Check out this cool demo combining automation and projection.
http://www.botndolly.com/box

Obviously portions will only look cool from a very specific perspective, but some of the other forced perspective animations should look cool from other angles as well.


----------



## gafftaper (Sep 27, 2013)

What I want to know is how on earth did someone get access to all that REALLY expensive equipment to make this little video? 

AMAZING!


----------



## ruinexplorer (Sep 27, 2013)

Here's one done by a friend of mine.


----------



## metti (Sep 28, 2013)

gafftaper said:


> What I want to know is how on earth did someone get access to all that REALLY expensive equipment to make this little video?
> 
> AMAZING!


It was made by a company that owns and rents industrial robotic arms for automating scenic elements and cameras on film shoots so they already had all the expensive gear. It also bears noting that the camera was on an arm as well and this video would not have been possible without carefully matching the camera position to rendered content. From other perspectives in the room, the effect would be much less effective


----------



## ruinexplorer (Sep 29, 2013)

metti said:


> It was made by a company that owns and rents industrial robotic arms for automating scenic elements and cameras on film shoots so they already had all the expensive gear. It also bears noting that the camera was on an arm as well and this video would not have been possible without carefully matching the camera position to rendered content. From other perspectives in the room, the effect would be much less effective


 Here's a blog post from one of the creators. Certain effects are only possible from the single perspective, as @metti indicated. Some of the forced perspective shots would work from a multitude of angles, but would appear differently from various points of view as your mind would attempt to conceptualize it as a three dimensional object.


----------



## StradivariusBone (Oct 1, 2013)

metti said:


> It was made by a company that owns and rents industrial robotic arms for automating scenic elements and cameras on film shoots so they already had all the expensive gear. It also bears noting that the camera was on an arm as well and this video would not have been possible without carefully matching the camera position to rendered content. From other perspectives in the room, the effect would be much less effective




I was thinking that. There are moments when the camera is moving like it's handheld, but when the title cards would illuminate on the floor it went rock-solid. Very cool effect nevertheless!!


----------



## metti (Oct 2, 2013)

StradivariusBone said:


> I was thinking that. There are moments when the camera is moving like it's handheld, but when the title cards would illuminate on the floor it went rock-solid. Very cool effect nevertheless!!

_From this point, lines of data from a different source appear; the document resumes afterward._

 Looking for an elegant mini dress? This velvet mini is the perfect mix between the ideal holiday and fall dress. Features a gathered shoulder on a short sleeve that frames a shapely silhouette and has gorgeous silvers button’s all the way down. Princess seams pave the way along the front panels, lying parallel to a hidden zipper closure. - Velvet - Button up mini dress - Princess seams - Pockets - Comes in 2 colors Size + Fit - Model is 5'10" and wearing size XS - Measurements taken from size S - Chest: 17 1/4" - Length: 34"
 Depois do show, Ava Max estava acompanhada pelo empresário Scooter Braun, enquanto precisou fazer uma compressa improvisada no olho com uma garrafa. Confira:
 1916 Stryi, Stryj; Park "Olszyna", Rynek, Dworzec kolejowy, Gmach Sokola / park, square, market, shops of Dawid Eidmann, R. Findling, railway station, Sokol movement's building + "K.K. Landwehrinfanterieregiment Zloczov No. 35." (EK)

I suspect the handheld looking shots are also done with a robotic arm that has been programmed using a trainer interface that preserves some of the natural human variation.


----------



## lwinters630 (Oct 3, 2013)

metti said:


> I suspect the handheld looking shots are also done with a robotic arm that has been programmed using a trainer interface that preserves some of the natural human variation.

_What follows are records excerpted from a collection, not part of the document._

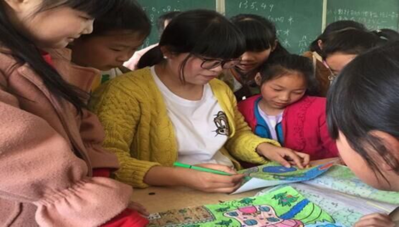 人生转折的9月,她如愿成为一名农村一线的小学特岗教师,来不及喘口气,顾不上熟悉环境,听不懂地方方言,她没有退缩没有抱怨,瘦弱的肩膀勇敢挑起重任。面临学校教师短缺的现状,除了担任高年级主科课程,她发挥特长优势自愿担任全校一到六年级美术课程。本着扎实的专业基础和实事求是的态度,班级在她的带领下,蒸蒸日上,从“三差”班级到“优秀班集体”,每周的“我和老师齐画画”专栏展板上,折射出她和孩子共同描绘自己蓝图的场景。从语言不通到饮食不服,从举目无亲到孤独无依,一个刚从大学校园出来的姑娘只身来到这里从事教育工作,需要太大的勇气,需克服太多的困难。吃住在校的她,最怕的可能是电的问题:由于学校电路老化电压很不稳定,每次把米放进锅里等到一大摞作业改完,掀开锅却发现米还是米水还是水……冬天里刺骨的洗脸水对她来说就是家常便饭。但她总是 乐观坦然的面对这一切,即便是晴天一身灰,雨天一身泥,车带一周扎破两三次的道路也阻止不了她播撒爱的脚步。
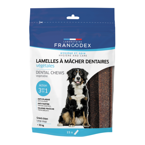 Podawać psu po posiłku, na przemian ze szczotkowaniem. Upewnić się, że pies ma dostęp do świeżej wody.
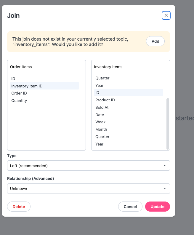 For existing joins that are not available in a topic, users will be prompted whether they want to add said join to the active topic.
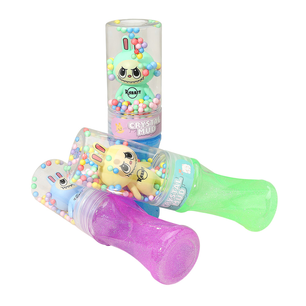 Details • Size : 7.5" L • Crystal mud slime toy set featuring cute bunny character containers filled with glitter slime and foam beads. Stretchy, soft, and fun to squish, perfect for sensory play, party favors, or stress relief. A playful and colorful way for kids to enjoy creative hands-on entertainment.
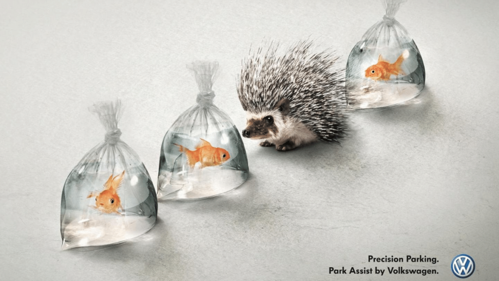 Em algumas situações, você só terá esses dois elementos para passar a sua mensagem e fazer com que o público aja. Esse é o caso de alguns anúncios digitais, onde não há muito espaço para texto. Mas também pode ser o caso de um anúncio impresso de respeito. Como esse, da Volkswagen.

Watch the behind the scenes for it that is linked at the end of the video.

Once I was asked (20 yrs ago) what my favorite lighting fixture was? I replied an LCD projector . . . . . . But honestly . . . . I had no idea where they would go . . . . This makes me think what else can it be used for in live theater?

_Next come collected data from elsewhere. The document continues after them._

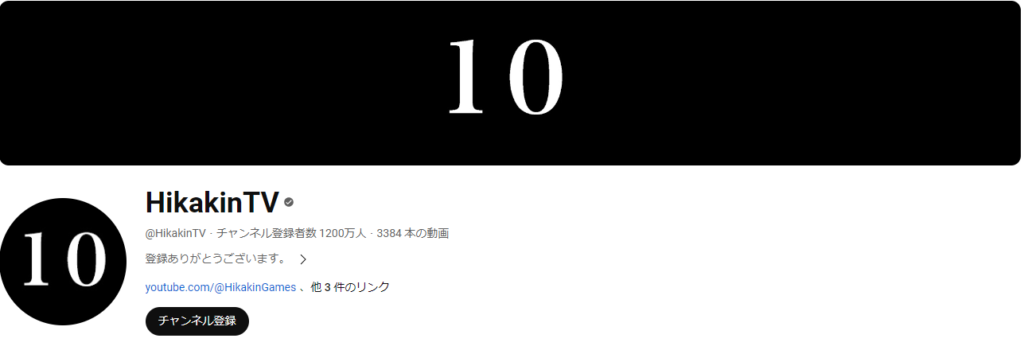 人気YouTuber「ヒカキン」さんのYouTubeチャンネルのアイコンやXのヘッダーが突如「10」という数字になりました。
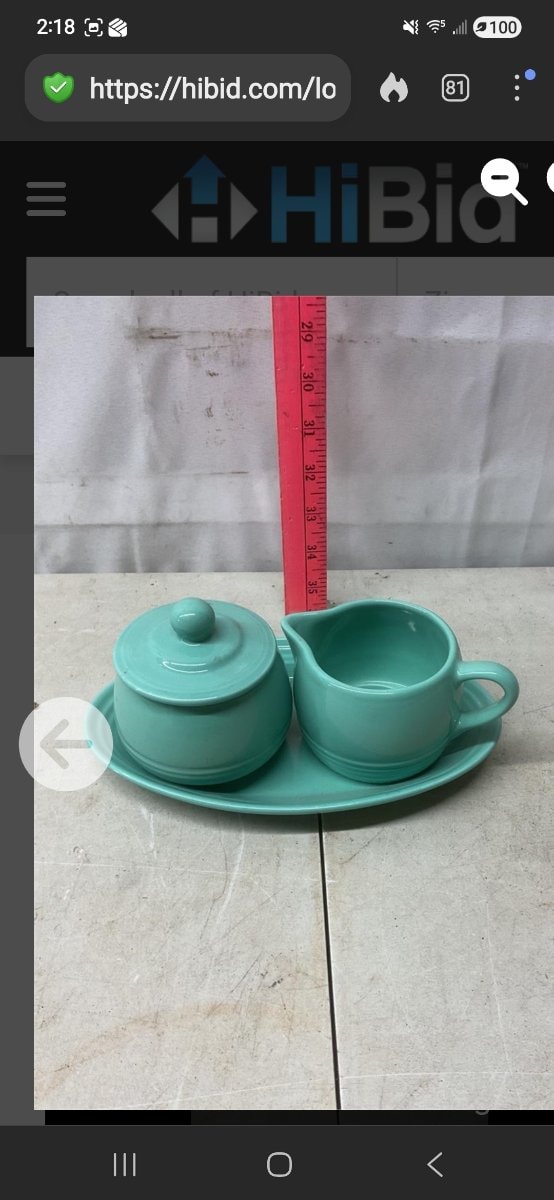 A heavy-duty, vitrified ceramic cream and sugar set in a vibrant turquoise glaze, featuring the iconic concentric rings synonymous with American Art Deco design.
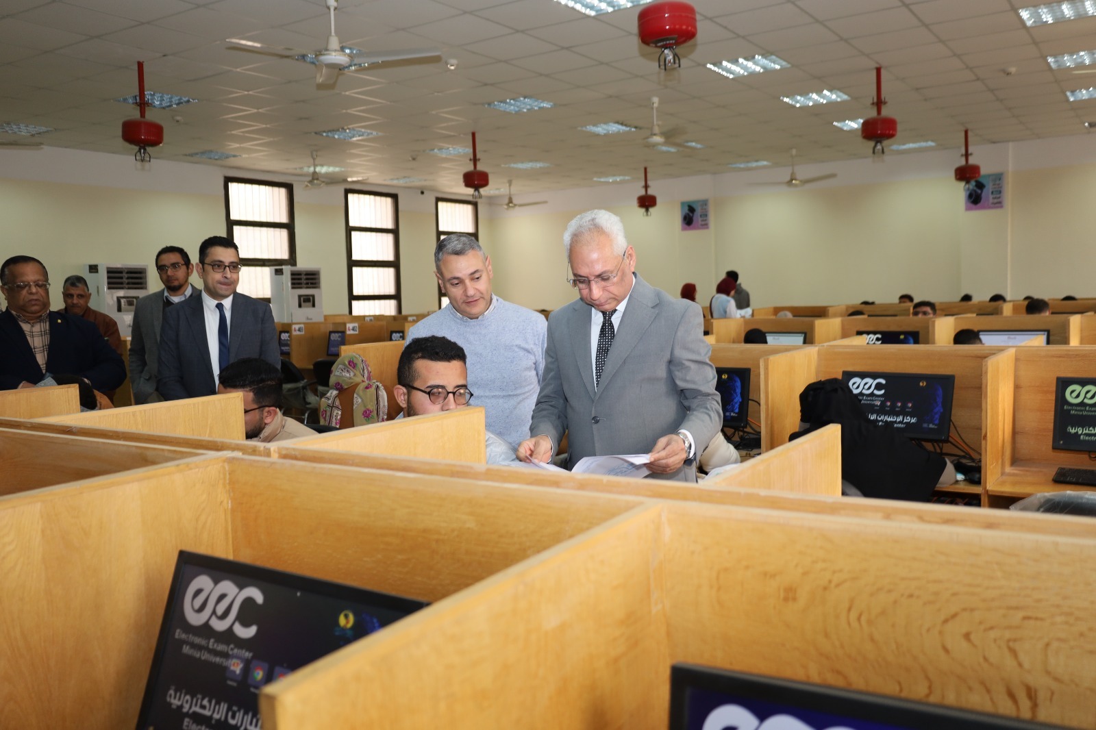 رئيس جامعة المنيا يتفقد سير الاختبارات الإلكترونية ببرنامج الصيدلة الإكلينيكية بكلية الصيدلة بجامعة المنيا الأهلية
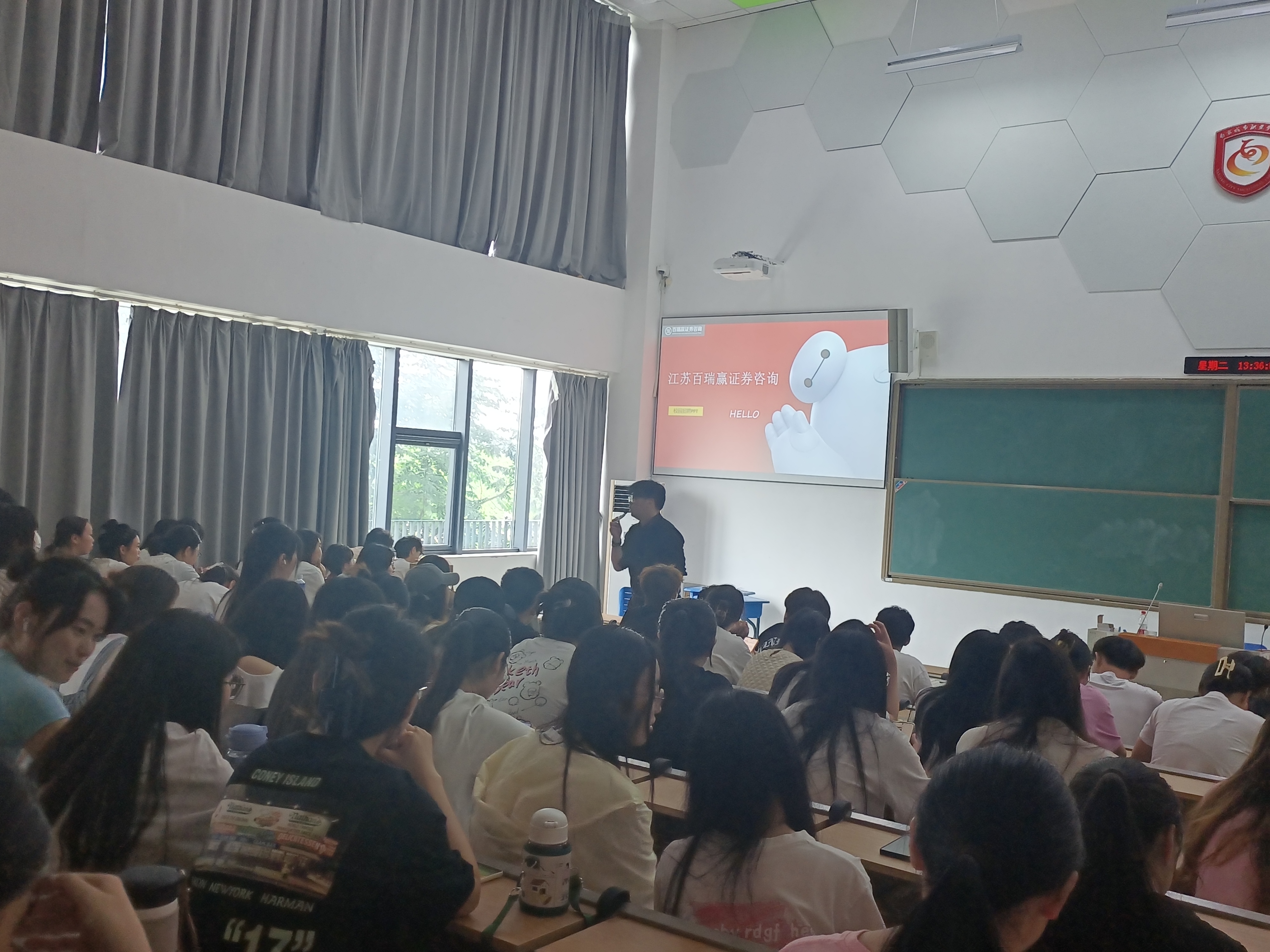 6月13日中午1点20分,江苏百瑞赢证券咨询公司一行三人前来我校,在mk世界杯_mk(中国)厚生楼309阶梯教室进行岗位实习宣讲会。

I have to respect and love the creative minds that put this together.


----------



## ruinexplorer (Oct 5, 2013)

lwinters630 said:


> Once I was asked (20 yrs ago) what my favorite lighting fixture was? I replied an LCD projector . . . . . . But honestly . . . . I had no idea where they would go . . . . This makes me think what else can it be used for in live theater?


 
I can think of one great example. Here's another. Automation and projection nicely blended.


----------



## StradivariusBone (Oct 7, 2013)

ruinexplorer said:


> I can think of one great example. Here's another. Automation and projection nicely blended.



WOW! Wagner himself would've had a field day with that technology!


----------